Tuesday, September 6, 2011

Thoughts

Can the U.S. stock market benefit from being a relatively safe haven?





While there might be good fundamental reasons to be very negative today, if we were ever at or near a sentiment extreme, it is likely now.





It has been said that the E.U. is considering a suspension of financial institutions' mark-to-market, as was done in the U.S. over two years ago.





The August Non-Manufacturing ISM was higher than expected at 53.3 vs. a 51.0 estimate, 52.7 in July and the long-term average of 53.8.

In terms of the components to the release, orders and backlogs were higher, business activity was slightly lower, and employment dropped (but still remained above its long-term average and consistent with 100,000-125,000/month private jobs increases).

If we combine the non-manufacturing report (this morning) with the previously reported manufacturing release, we are at 53.0, which is consistent with real GDP growth of close to 2%.

By contrast, according to many strategists the market is pricing in at least a two thirds chance of recession.





The problems over there since Friday (on top of the weak domestic jobs report over here) were multiple:

* Greece is racing toward default. (As a reflection, the yield on one-year paper exceeds 80%.) Italian and Spanish yields widened measurably.
* Eurozone growth has slowed.
* Numerous roadblocks have popped up in the attempts to address the sovereign debt crisis in Europe (legal, lack of coordination, political, a fragile European banking system, etc.)

The hard truth about easy money is that it has, for many reasons, lost its effectiveness over time -- more and more cowbell is needed to produce less and less of an economic impact.

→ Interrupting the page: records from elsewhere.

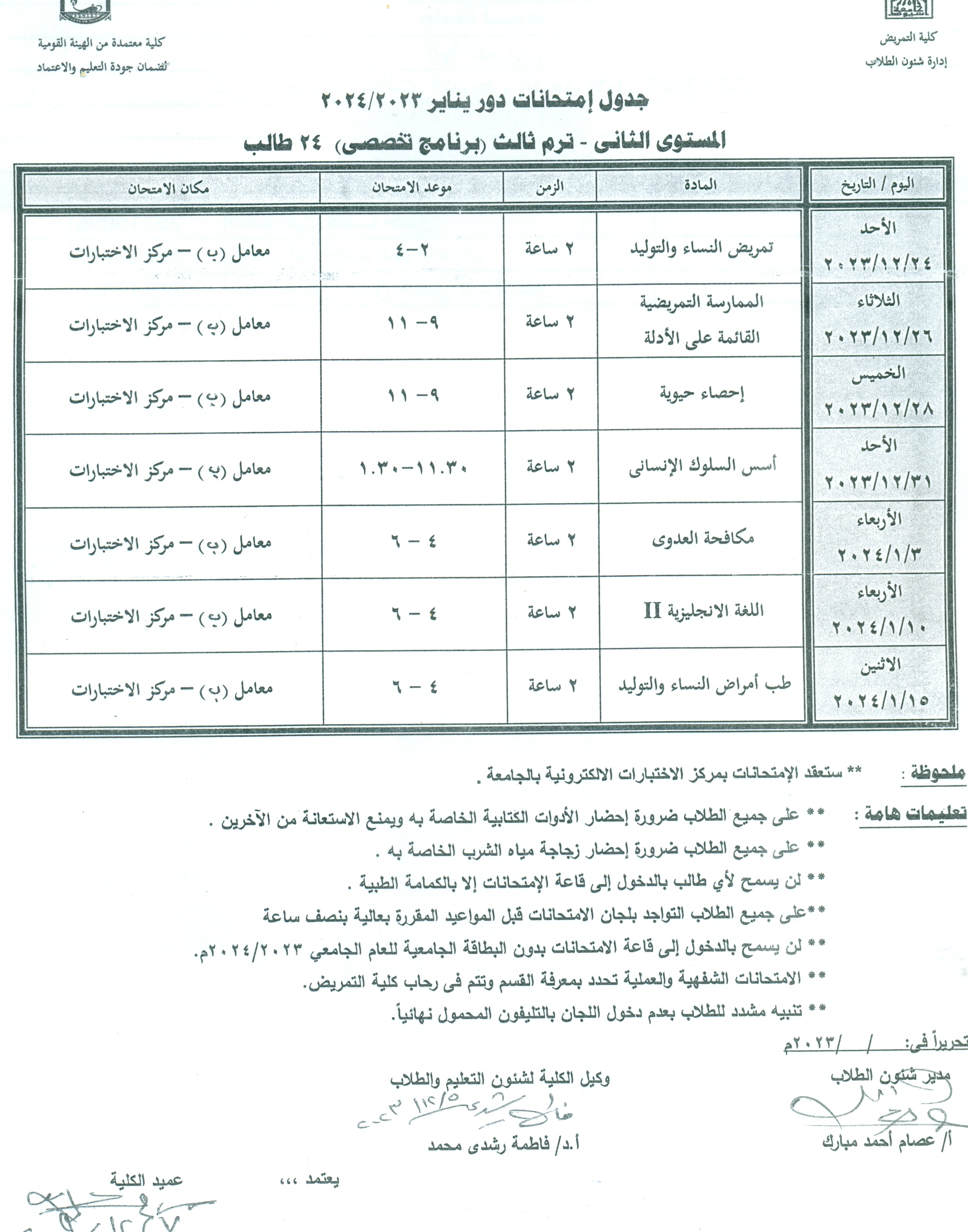 جدول امتحانات دور يناير 2023/2024 المستوي الثاني – ترم ثالث –( برنامج تخصصي) 24 طالب
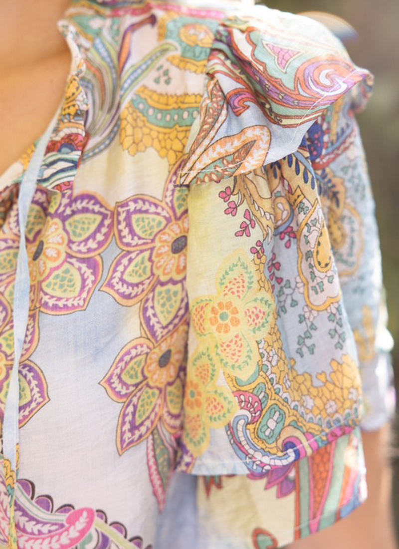 Mixed paisley print top with V neckline & double ruffle short sleeves
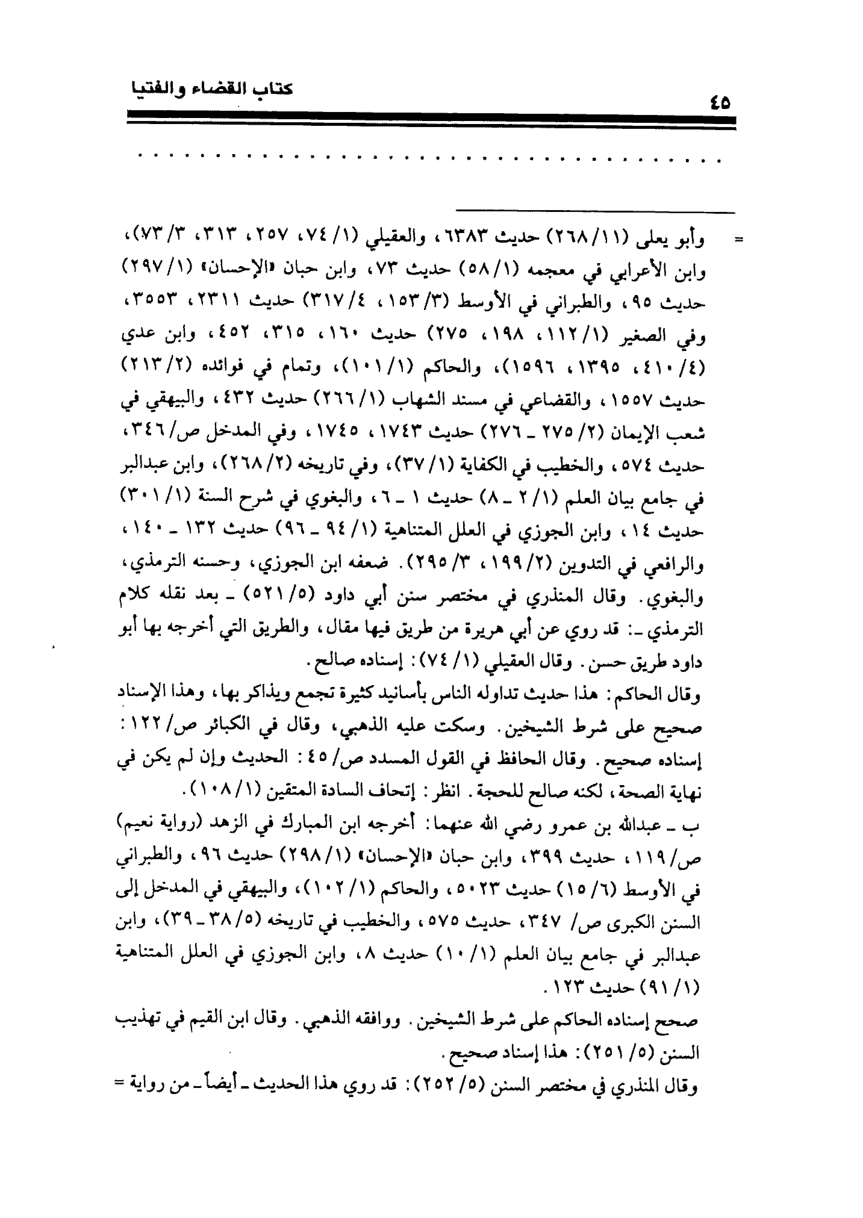 ب - عبد الله بن عمرو رضي الله عنهما: أخرجه ابن المبارك في الزهد (رواية نعيم) ص/ ١١٩، حديث ٣٩٩، وابن حبان "الإحسان" (١/ ٢٩٨) حديث ٩٦، والطبراني في الأوسط (٦/ ١٥) حديث ٥٠٢٣، والحاكم (١/ ١٠٢)، والبيهقي في المدخل إلى السنن الكبرى، ص/ ٣٤٧، حديث ٥٧٥، والخطيب في تاريخه (٥/ ٣٨ - ٣٩)، وابن عبد البر في جامع بيان العلم (١/ ١٠) حديث ٨، وابن الجوزي في العلل المتناهية (١/ ٩١) حديث ١٢٣.

Hawkish Richmond Fed President Jeffrey Lacker similarly related this view recently:

My sense is that more monetary stimulus at this point would likely show up almost entirely in higher inflation with very little constructive influence on growth.

My consistent theme is to err on the side of conservatism. While I still am of the view that the U.S. stock market made its yearly low in August, the negative feedback loop threatens domestic and European growth.

We must now closely monitor whether the emerging negative sentiment hits the hard economic data in September.